(a) Field of the Invention
The present invention relates to a method for the continuous preparation of a polyethylene material having high strength and high modulus of elasticity. More specifically, the present invention relates to a method for effectively preparing a polyethylene material having high strength and high modulus of elasticity by mixing a specific ultra-high-molecular-weight polyethylene powder with a specific liquid organic compound, then continuously compression-molding the mixture at a temperature less than a melting point of the mixture, and rolling and drawing the same.
(b) Description of the Prior Art
The so-called ultra-high-molecular-weight polyolefins having noticeably high molecular weights are excellent in impact resistance and wear resistance and have self-lubricating properties, and therefore they are used as characteristic engineering plastics in many fields. This ultra-high-molecular-weight polyolefin has a much higher molecular weight than a usual polyolefin, and thus it is expected that if the ultra-high-molecular-weight polyolefin can be orientated at a high level, a molded article having high strength and high modulus of elasticity will be obtained. Accordingly, various researches have been conducted on techniques of the high orientation.
However, the ultra-high-molecular-weight polyolefin has a higher melt viscosity than the usual polyolefin, and so presently the ultra-high-molecular-weight polyolefin cannot be molded successfully in an ordinary manner, and it is also impossible to accomplish high orientation by drawing.
Pole Smith, Bieter Yarn Remstora et al. have suggested the method of preparing a fiber having high strength and high modulus of elasticity by drawing, at a high magnification, a gel obtained from a decal in solution (dope) of an ultra-high-molecular-weight polyolefin (G.B. Laid-open No. 2051667). However, in this dope, the concentration of the polymer having a weight average molecular weight of 1,500,000 is as low as 3% by weight, and that of the polymer having a weight average molecular weight of 4,000,000 was also extremely low, 1% by weight. Therefore, in the practice of the above-mentioned method, a large amount of a solvent is used, which means that the suggested method is very inconvenient from economical viewpoints such as a preparation way and handling of the high viscous solution.

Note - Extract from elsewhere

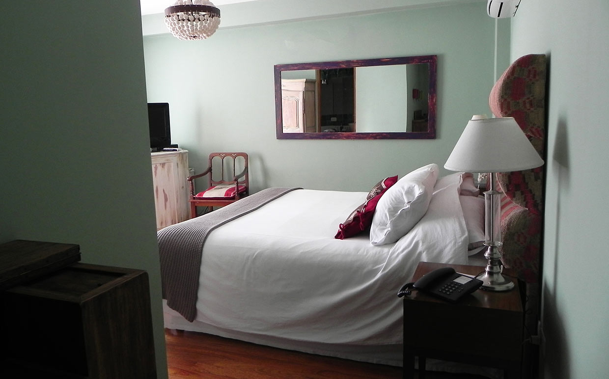 This 25 square meters room is located on the first floor with magnificent views of the hills and the city. It’s equipped with a king size bed or two twins.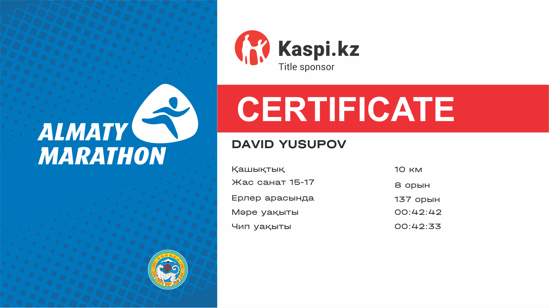 | 142 | Аден Маденов | ![]() | Алматы | 11656 | 00:30:57 | 00:42:38 | 00:42:20 | Жүктеп алу |

Furthermore, various suggestions have been made with regard to methods for the high drawing and high orientation of single crystal mats of the ultra-high-molecular-weight polyolefins [EP Publication No. 115192, Japanese Patent Laid-open Publication Nos. 15120/1985 and 97836/-1985, Kobunshi Gakkai Yokoushuu, Vol. 34, No. 4, p 873 (1985) etc.].
In these methods, however, the ultra-high-molecular-weight polyolefin is first dissolved in a solvent such as xylene, decalin or kerosine to prepare a dilute solution, the latter is then subjected to cooling and isothermic crystallization so as to form a single crystal mat, and the latter is further subjected to solid phase extrusion and drawing. Therefore, also in this method, there is still the problem that a considerable amount of the solvent must be used at the time of the formation of the single crystal mat.
For the purpose of solving the above-mentioned problem, the present inventors have suggested a method in which an ultra-high-molecular-weight polyolefin powder is compression-molded at a temperature less than the melting point of the powder without dissolving and melting it, followed by rolling and drawing, in order to obtain a polyolefin material having high strength and high modulus of elasticity (Japanese Patent Laid-open Publication No. 41512/1988 and EP Publication No. 253513).
As a result of further investigations, the inventors have found that the polyolefin material having high strength and high modulus of elasticity can be manufactured in a high production efficiency by continuously compression-molding an ultra-high-molecular-weight polyolefin powder through a specific device (at a temperature less than the melting point of the polyolefin powder), and then rolling and drawing the molded material. As for this technique, a patent application has already been filed (Japanese Patent Application No. 320401/1988).
As discussed above, the present inventors have suggested the means for continuously compression-molding an ultra-high-molecular-weight polyolefin powder under a relatively low pressure so as to form a sheet, and according to this method, the rolling of a subsequent process can work effectively, so that in the rolled sheet, the total draw ratio inclusive of a roll ratio can be enhanced, which largely contributes to the improvement of quality and the increase of productivity. In this method, however, the fine uniformity of pressure takes place sometimes in the compression molding step and this portion appears as a defect, and the pressure is released through opposite end portions of the sheet. For these reasons, Yield is poor, and production efficiency is also low. In such a defect portion in the compression-molded sheet and such ununiformed end portions of the sheet, rolling cannot be effected uniformly. If there is the defect portion in the sheet, a bank is formed inconveniently at the time of rolling, which deteriorates productivity and yield noticeably. In addition, when the sheet including the defect portion is drawn in a subsequent step in the continuous process, the draw ratio cannot be increased sufficiently and the yield is low.